I have handed in my first OU assignment. I have to say I absolutely hated the first question - which involved writing in the voice of a child. I don't have children, or nieces or nephews in this country, or friends with small children. I've never taught children or worked with them. I grew up as the only child in a house in the middle of nowhere, miles away from the nearest other child, and I didn't exactly get to be a child much myself. All in all, writing as a child is not exactly the most obvious assignment for me.

When I was a child, I read voraciously (still do). That was one of the things that got me through being on my own, but it also meant I lived through books rather than real experience some of the time.

On the weekend writing course, a lot of people said they had 'always' written. Looking back on it, I guess that is true of me too, but I hadn't really thought about it that way.
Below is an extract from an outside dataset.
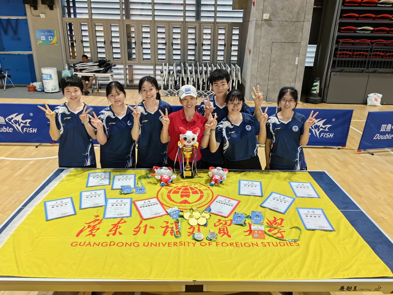 在领奖台上闪耀的不仅是奖牌的光芒,更是队员们日复一日刻苦训练的结晶。这份荣誉背后,是无数个在训练馆挥汗如雨的日夜,是教练团队的悉心指导,更是广外体育精神的生动体现。主教练孙艳玲老师从赛前备战到临场指挥都倾注了大量心血,她以丰富的带队经验为队员们保驾护航,在关键时刻给予心理疏导和战术建议。教练员王道平老师和黄泽鑫队长凭借专业的执教水平,针对每位队员的特点制定个性化训练方案,在技术上精雕细琢,在战术上运筹帷幄。伟德国际victor1946的老师们则在后勤保障上不遗余力,从训练场地安排到参赛物资准备,从体能康复到营养补给,为队员们创造了最优质的备战环境。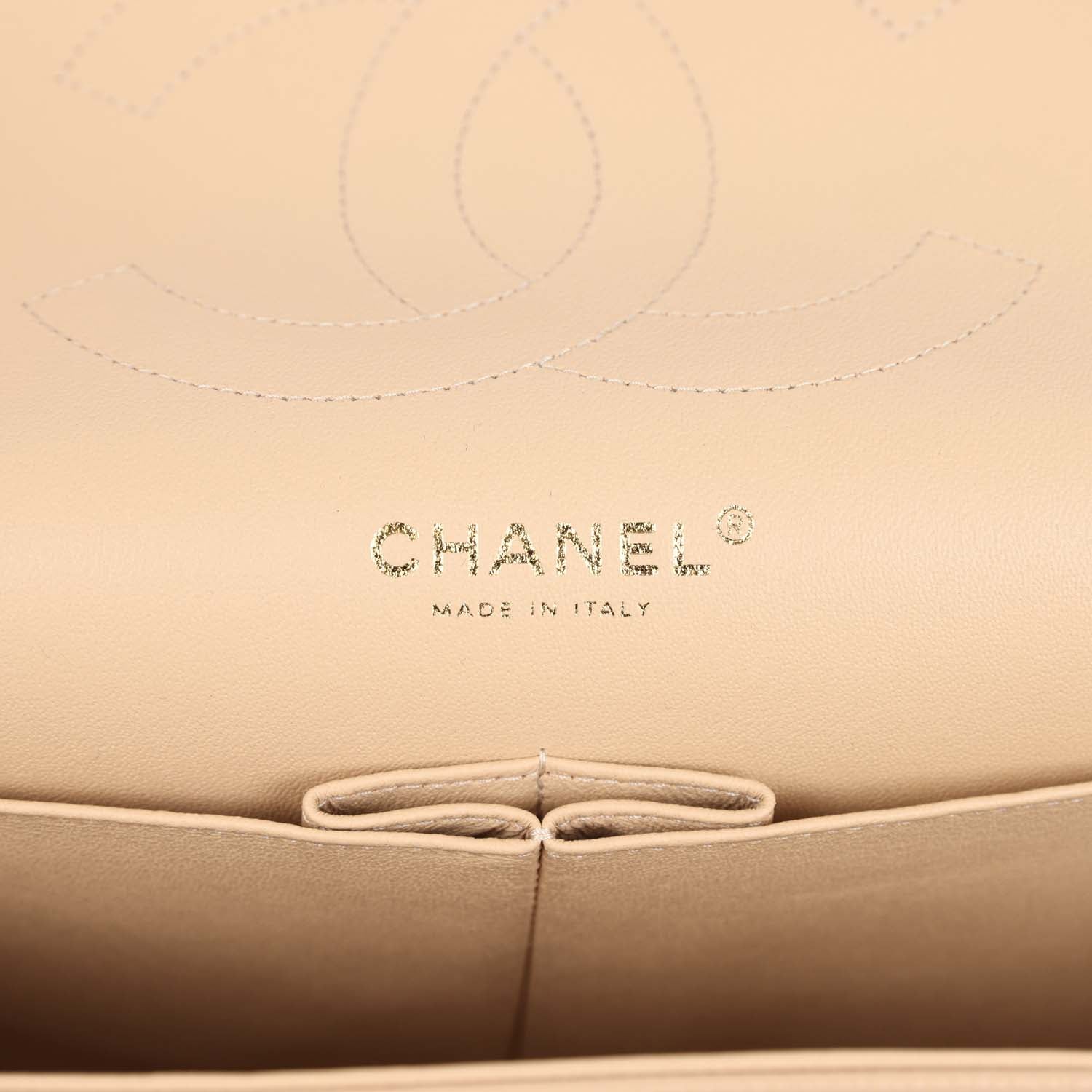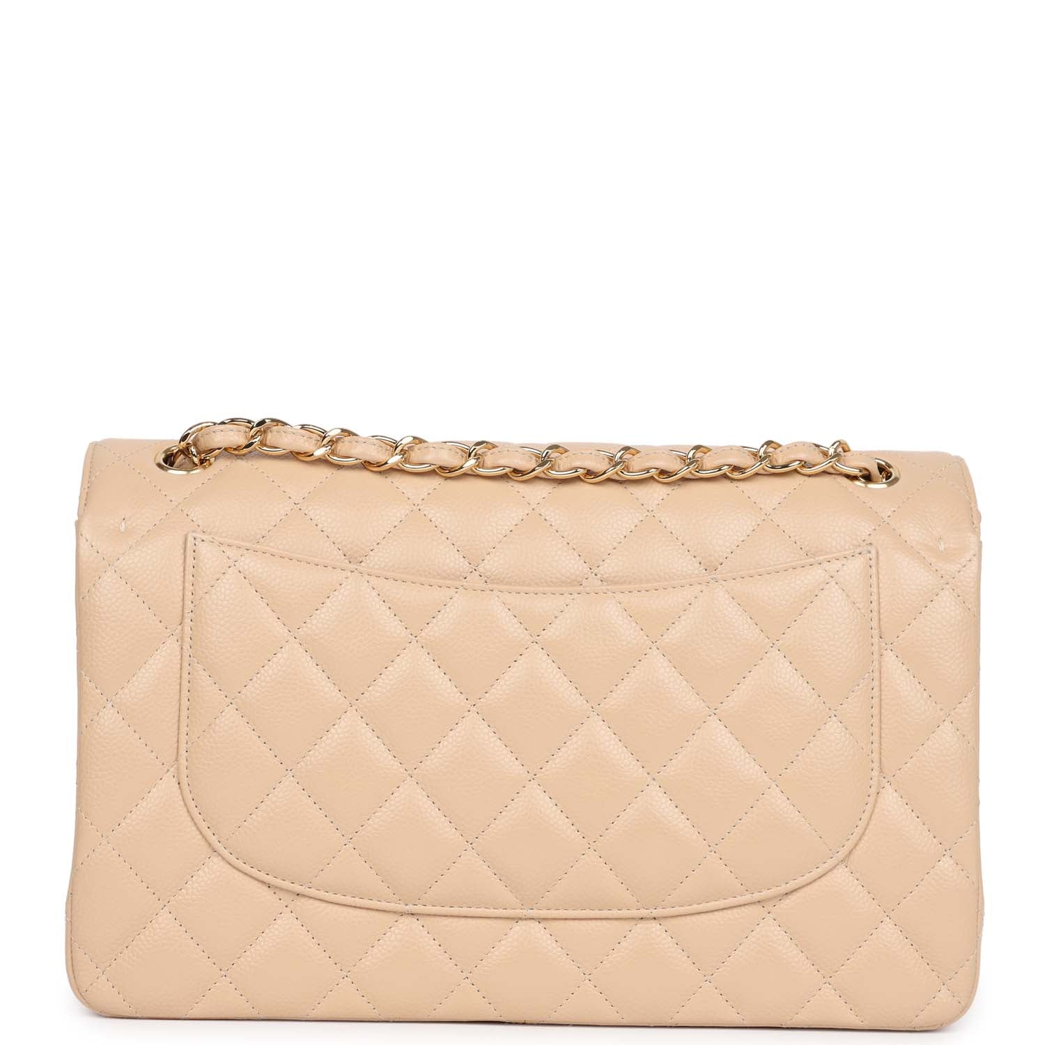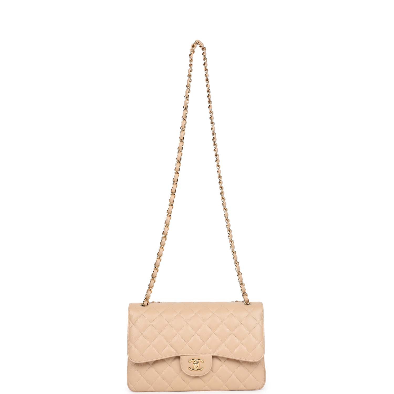 Regular price $1,680.00 Sale price $450.00 Save $1,230.00This Jumbo Classic Double Flap bag is in light beige caviar leather with gold tone hardware and features a front flap with signature CC turnlock closure, half moon back pocket, and adjustable interwoven gold tone chain link and light beige leather shoulder strap.

I wrote stories as a kid, and started a journal when I was about fifteen. That had to be kept hidden from family, and later partners, and for most of my twenties and thirties that was all I wrote. I would occasionally get an idea for a short story, and write it out longhand on file paper over a few days, then that would be it for a couple of years. It took several years of doing morning pages, on and off, before I started finding myself writing fiction.

Saturday 7 March 2009

First assignment

I am battling with my first eTMA for the OU course (electronic Tutor Marked Assignment in OU-speak). Yesterday I struggled valiantly with it by reading two novels completely unrelated to my chosen subject matter in one day instead of getting on with any writing as such. Today I opened up the files to find much what I expected - I have three five-hundred word pieces to write, and I already had a draft of the first one and nothing but ideas for the other two. I now have a painfully short draft for the second and too much for the third, but at least there is something there which I can build on.

Recently, writing has been coming quite naturally, but my only ideas have been for pieces of my own - patching further incidents into a novella-length thing I started a couple of months ago, mainly. Once again, I have a "compulsory assignment = block" problem. This didn't happen when I was away for the weekend, there, something would come up within a minute or two at most when the tutor announced the next question, even though there were ten or a dozen of these per day. I think the seriousness level is higher for me - only 3 lots of 500 words to showcase whatever skills I have.

Monday 2 March 2009

Weekend writing course

I'm back from my weekend in a country house writing. This means I have now shown some of my work to other people, IRL, and lived.

I had a great time, met a set of very interesting characters, and did writing exercises and talked about writing almost non-stop for a few days. There was a very gentle introduction to reading out our writing: starting with a few sentences about why we were on the course, followed by a selection of favourite words and then a paragraph using one of them.

I've belatedly 'remembered' (i.e. let myself remember) how I always thought I 'wanted to be a writer' from approximately two feet tall and then realised writers generally showed their writing to other people. So that was the end of that, then: I'd been bullied pretty much from the word go at various schools, and the last thing I would ever feel safe doing would be to give out extra-effective ammunition in the form of handwritten keys to my inner thoughts.

The discovery that I can actually do this was made in tandem with being reminded that other forms of writing exist, besides fiction, and the suggestion that I might like to try some of them. We'll see.

I did a couple of OU activity exercises in an insomniac 1 a.m. moment too, meaning I am only about 13 behind.